Would you reproduce each line below exactly, leaving every picture out?
+++ INPUT DATA
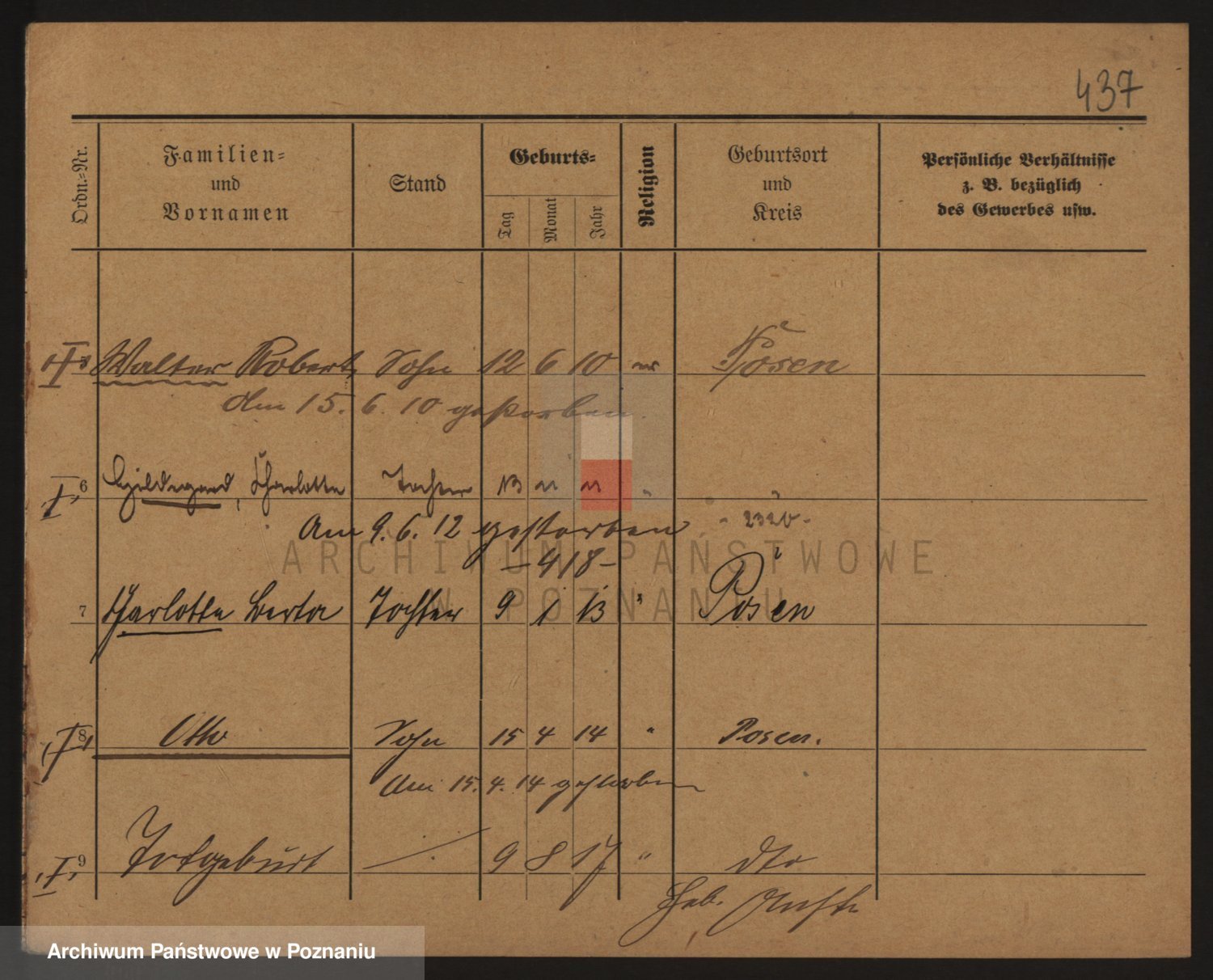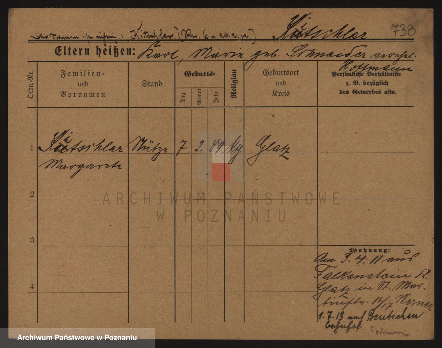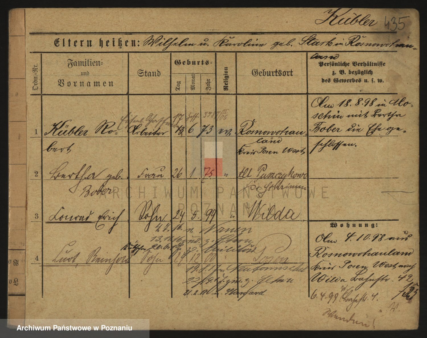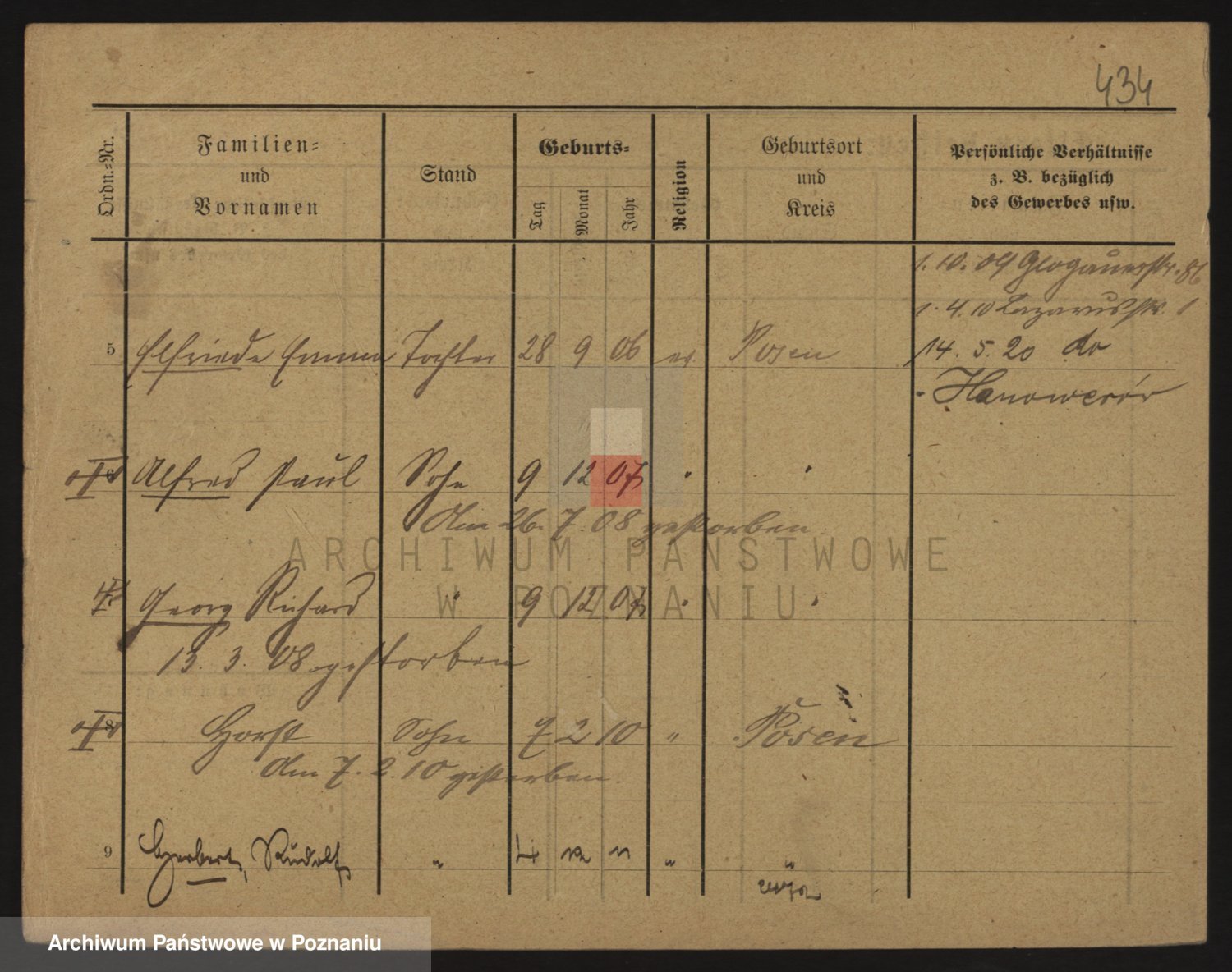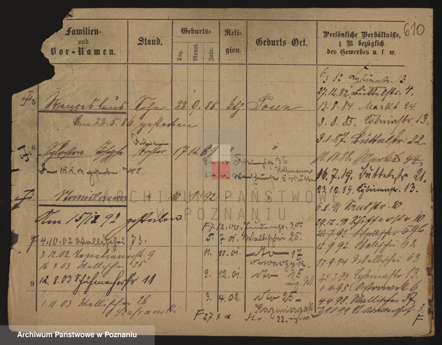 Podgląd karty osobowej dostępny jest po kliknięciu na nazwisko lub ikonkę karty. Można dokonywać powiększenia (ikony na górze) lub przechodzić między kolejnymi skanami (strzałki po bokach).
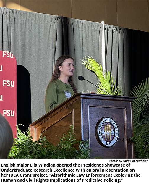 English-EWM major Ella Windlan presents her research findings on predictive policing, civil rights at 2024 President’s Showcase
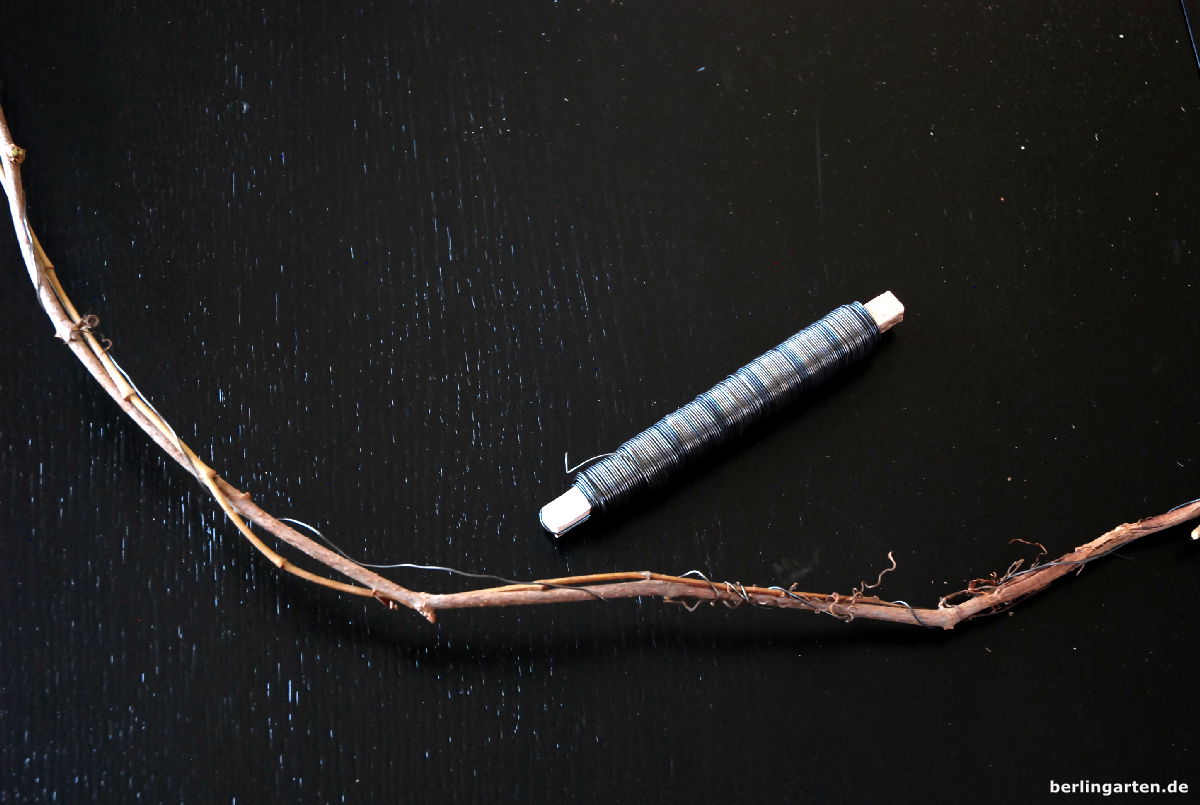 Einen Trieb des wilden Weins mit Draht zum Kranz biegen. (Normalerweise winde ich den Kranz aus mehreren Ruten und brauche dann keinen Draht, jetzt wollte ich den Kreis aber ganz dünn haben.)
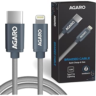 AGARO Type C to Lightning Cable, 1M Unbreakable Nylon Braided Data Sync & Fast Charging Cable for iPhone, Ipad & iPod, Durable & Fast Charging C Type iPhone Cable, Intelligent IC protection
++++++
RESPONSE BELOW =
 Podgląd karty osobowej dostępny jest po kliknięciu na nazwisko lub ikonkę karty. Można dokonywać powiększenia (ikony na górze) lub przechodzić między kolejnymi skanami (strzałki po bokach).
 English-EWM major Ella Windlan presents her research findings on predictive policing, civil rights at 2024 President’s Showcase
 Einen Trieb des wilden Weins mit Draht zum Kranz biegen. (Normalerweise winde ich den Kranz aus mehreren Ruten und brauche dann keinen Draht, jetzt wollte ich den Kreis aber ganz dünn haben.)
 AGARO Type C to Lightning Cable, 1M Unbreakable Nylon Braided Data Sync & Fast Charging Cable for iPhone, Ipad & iPod, Durable & Fast Charging C Type iPhone Cable, Intelligent IC protection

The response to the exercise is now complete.